Description of the task :: Restate word for word the opening line of the data below and every line after it until the line with "根据国家统计局数据,前10月", that line too, but not the pictures.

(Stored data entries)
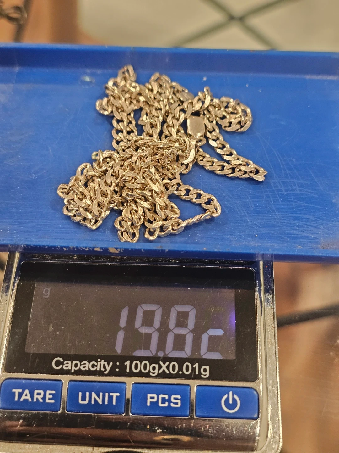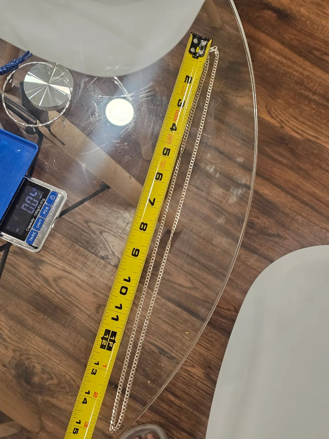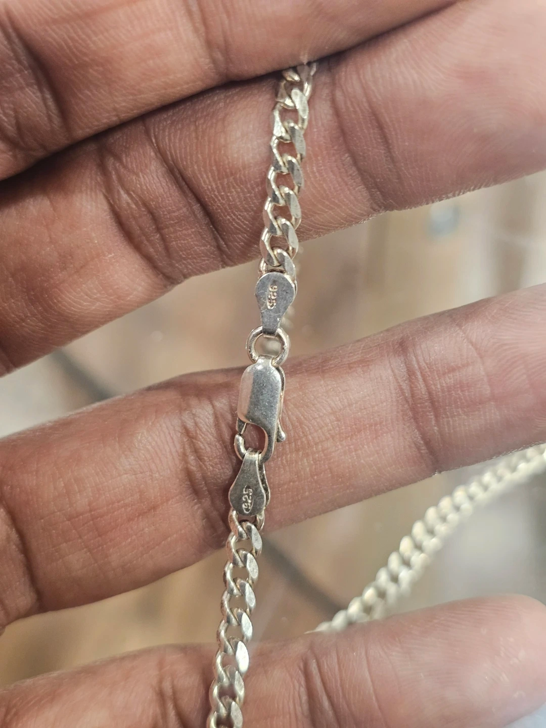 A classic sterling silver curb chain necklace. It's 30 inches long and weighs 19.8g. The clasp is marked "925". This necklace is great for everyday wear or layering with other pieces.
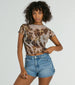 Treat your trendsetting self to this fierce leopard mesh crop top perfect for everyday styling! Featuring cap sleeves and a crew neckline. this top is perfect for making a statement. The cropped hem and sheer mesh fabric with a bold leopard print will have you standing out from the crowd. Complete the look with a bralette and high-rise jeans for a concert or casual party!
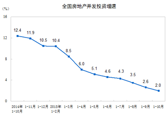 根据国家统计局数据,前10月,全国房地产开发投资78801亿元,同比名义增长2.0%,增速比1-9月份回落0.6个百分点。其中,住宅投资53150亿元,增长1.3%,增速回落0.4个百分点。住宅投资占房地产开发投资的比重为67.4%。
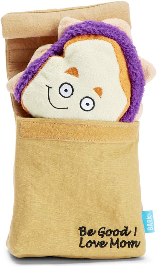 Barkbox 2-in-1 Interactive Plush Puzzle Dog Toys - Squeaky Pet and Puppy Enrichment Toys for Small, Medium, and Large Dogs | Brown Baggin' It PB&J
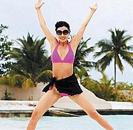 <br> 港星李嘉欣40岁生日前夕,在累积超过25万名粉丝的个人微博放上比基尼泳装照,提前为影迷送上大礼。她在海滩上张开双腿跳起,展现曼妙身材,也间接证明自己尚未怀孕。<br>
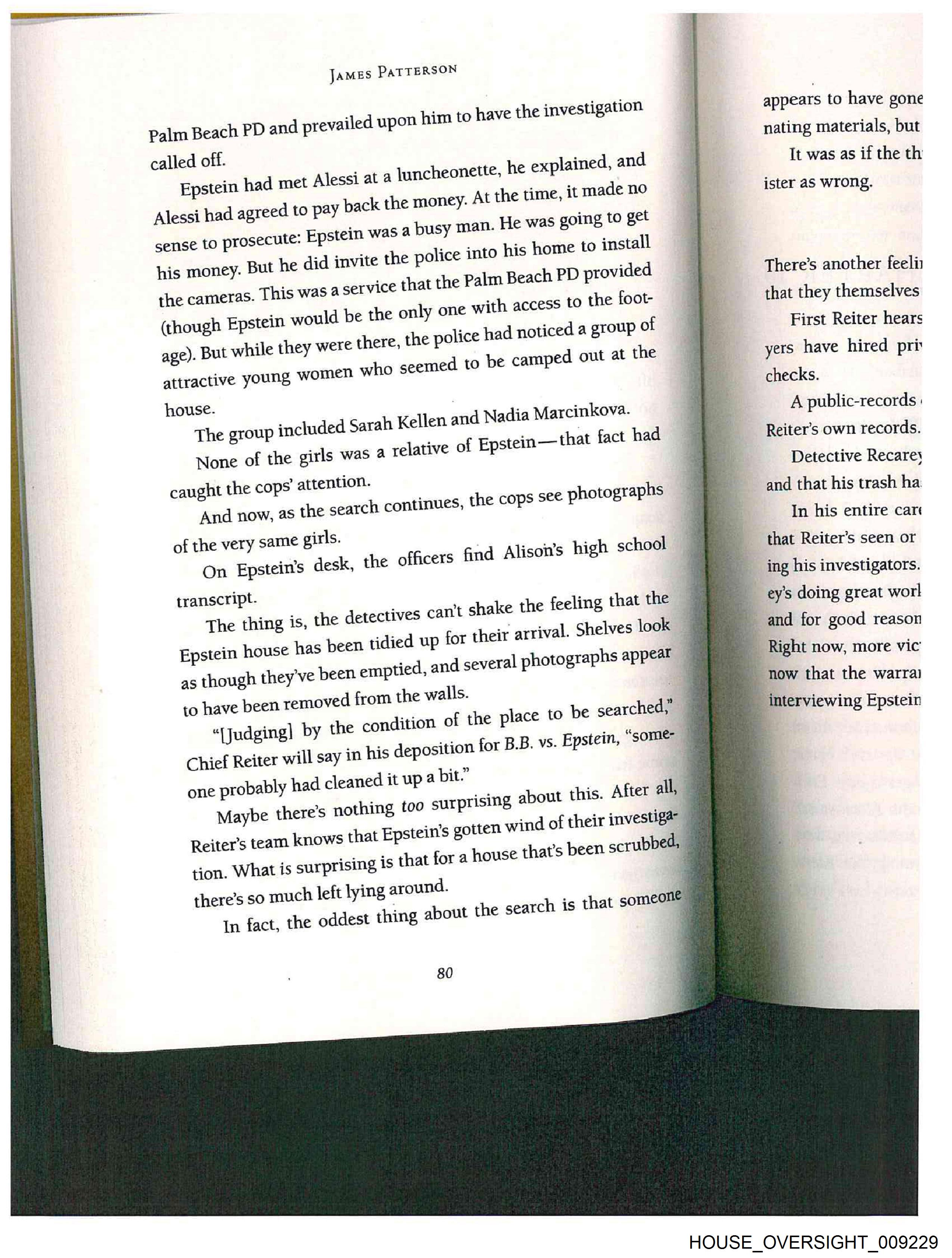 James PATTERSON Palm Beach PD and prevailed upon him to have the investigation called off. Epstein had met Alessi a ined, and made no g to get t a luncheonette, he expla Alessi had agreed to pay back the money. At the time, it s a busy man. He was goin sense to prosecute. Epstein wa e police into his home to install his money. But he did invite th meras. [his was a service that the Palm Beach PD provided ly one with access to the foot- the ca (though Epstein would be the on police had noticed a group of ed to be camped out at the + while they were there, the age). Bu young women who seem attractive house. The group included Sarah Kellen None of the girls was 4 relative 0 caught the cops’ attention. And now, as the search continues, of the very same girls. On Epstein's desk, the officers transcript. The thing is, Epstein house ha as though they've to have been remo “(Judging] by t Chief Reiter will say 10 his one probably had cleaned it up 4 bit.” Maybe there's nothing too surprising abou Reiter’s team knows that Epstein’s gotten wind of tion. What is surprising is that for a house that’s b there’s so much left lyin In fact, the oddest t and Nadia Marcinkova. { Epstein — that fact had the cops see photographs Gnd Alison’s high school the detectives cant shake the feeling that the arrival. Shelves look 5 been tidied up for their been emptied, and several photographs appear ved from the walls. he condition of the plac deposition for B.B. v g around.
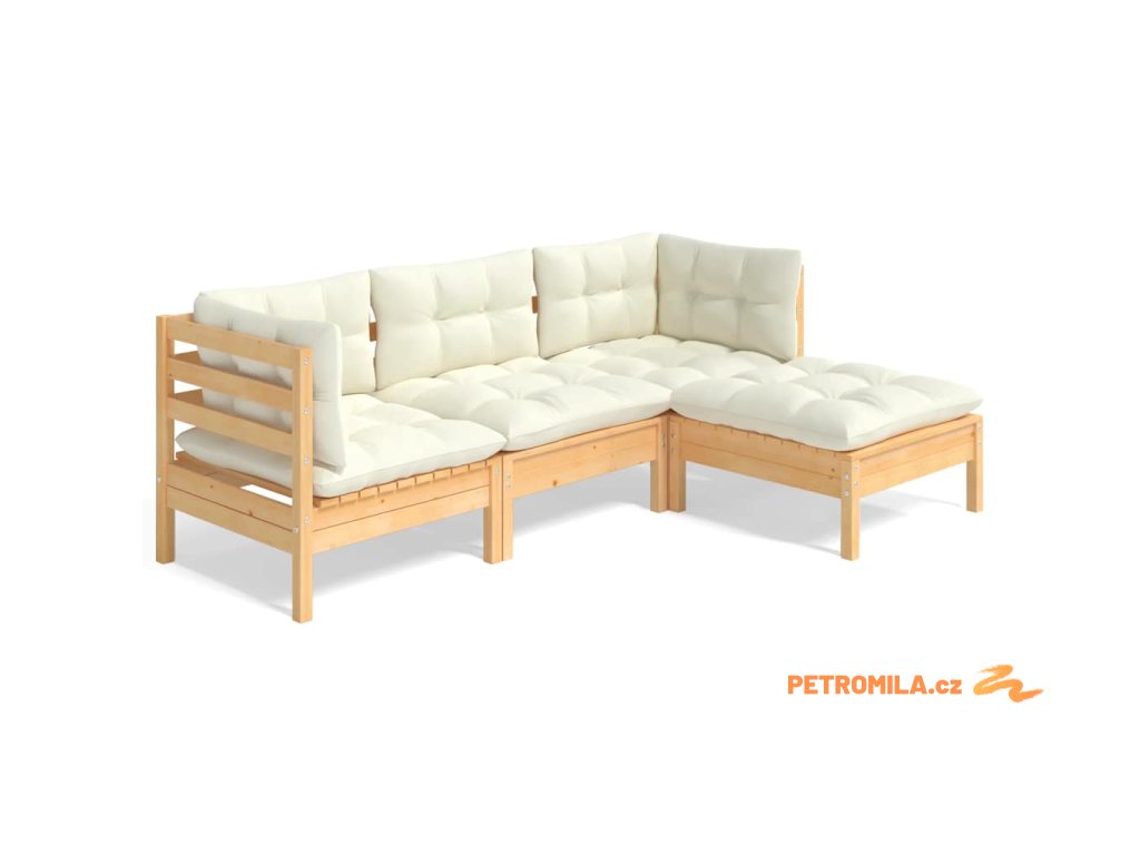 4dílná zahradní sedací souprava s krémovými poduškami borovice
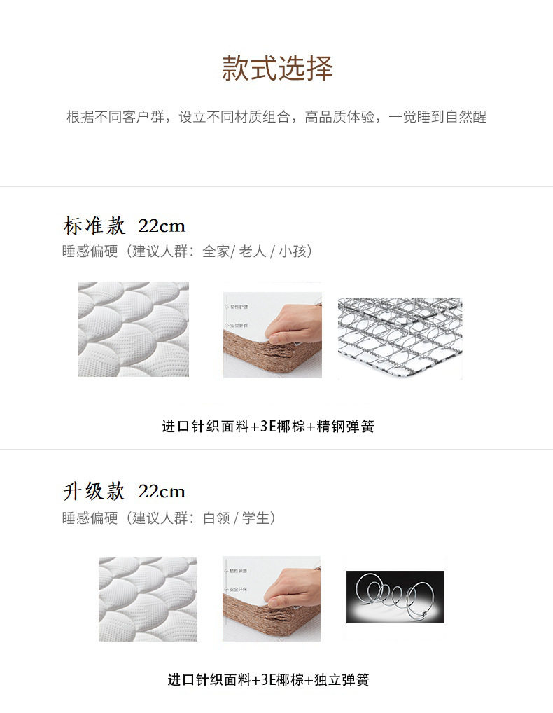 | Color | [upgraded model] antibacterial fabric + independent spring + environmentally friendly coconut palm |
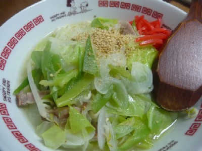 (サッポロ一番 しお〔443kcal〕、煮豚、キャベツ、もやし、玉ねぎ、長ねぎ)
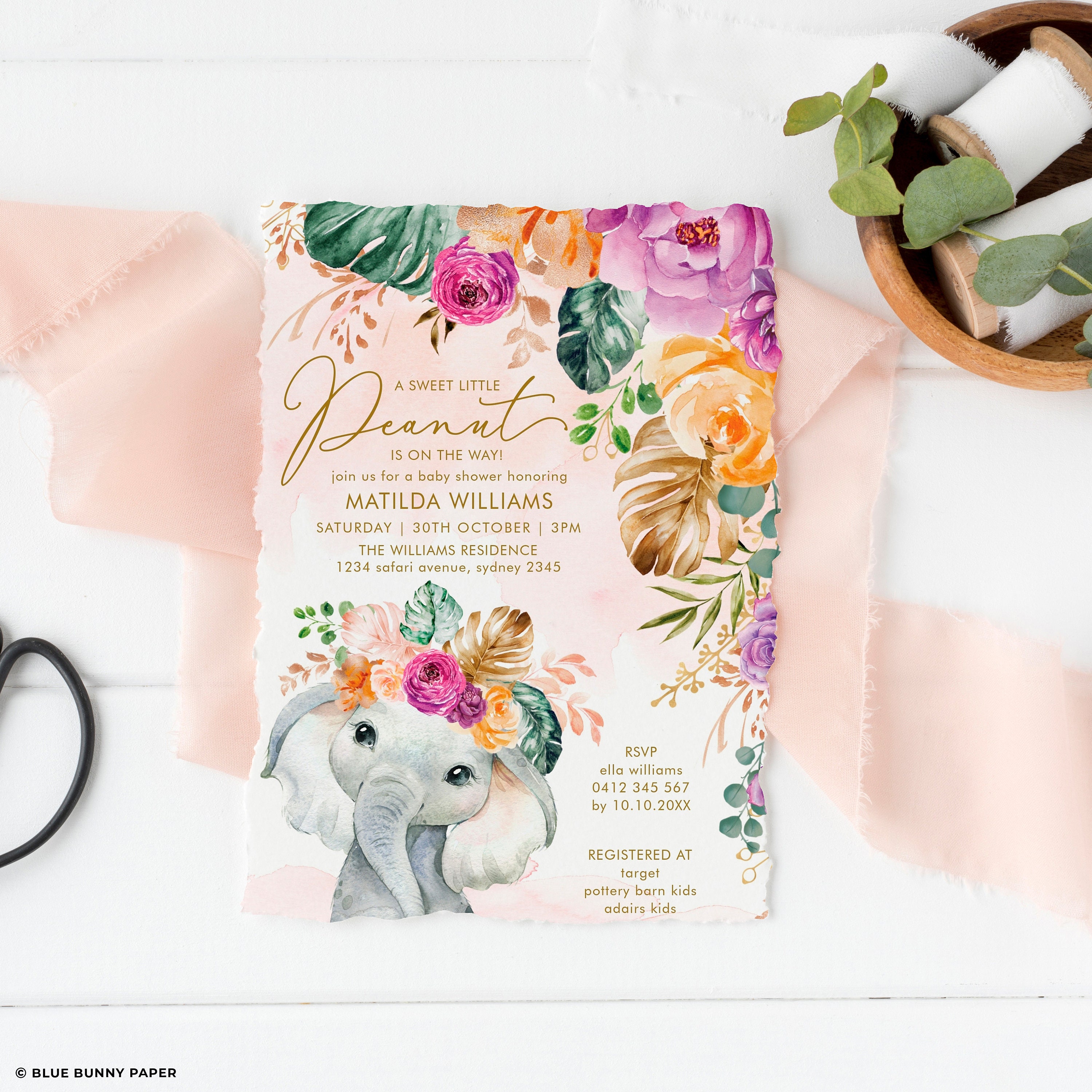 Boho Tropical Elephant Baby Shower Invitation Orange Purple Etsy
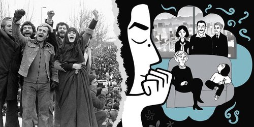 Tout au long des 4 tomes de la bande dessinée Persepolis, dont le film propose un subtil condensé, Marjane Satrapi met en scène son enfance à Téhéran et le début de son exil en Europe. Suivant le déroulé d’un roman de formation, les péripéties s’enchaînent comme autant de moments décisifs qui, partant de la révolution de 1979, impriment en relief les effets concrets d’une politique dictatoriale sur le quotidien d’un peuple : délation, corruption, disparitions... Sous ce même versant déceptif, il est aussi très clair que l’exil n’est pas la panacée qu’on voudrait. Au vertige du déracinement vient alors s’ajouter un insurmontable sentiment de culpabilité vis-à-vis des proches restés au pays. Pour Marjane Satrapi, partir en Allemagne à l’âge de 14 ans sans ses parents n’est rien d’autre qu’une douloureuse épreuve. Le séjour se conclut d'ailleurs par une grave dépression. Ce n’est que bien plus tard, en 1994, au terme d’un cursus d’études suivies en Iran, que Marjane s’exilera définitivement en France, pays où elle réside actuellement.
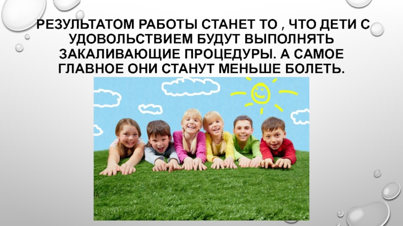 Результатом работы станет то , что дети с удовольствием будут выполнять закаливающие процедуры. А самое главное они

Solution to the exercise ::
 A classic sterling silver curb chain necklace. It's 30 inches long and weighs 19.8g. The clasp is marked "925". This necklace is great for everyday wear or layering with other pieces.
 Treat your trendsetting self to this fierce leopard mesh crop top perfect for everyday styling! Featuring cap sleeves and a crew neckline. this top is perfect for making a statement. The cropped hem and sheer mesh fabric with a bold leopard print will have you standing out from the crowd. Complete the look with a bralette and high-rise jeans for a concert or casual party!
 根据国家统计局数据,前10月,全国房地产开发投资78801亿元,同比名义增长2.0%,增速比1-9月份回落0.6个百分点。其中,住宅投资53150亿元,增长1.3%,增速回落0.4个百分点。住宅投资占房地产开发投资的比重为67.4%。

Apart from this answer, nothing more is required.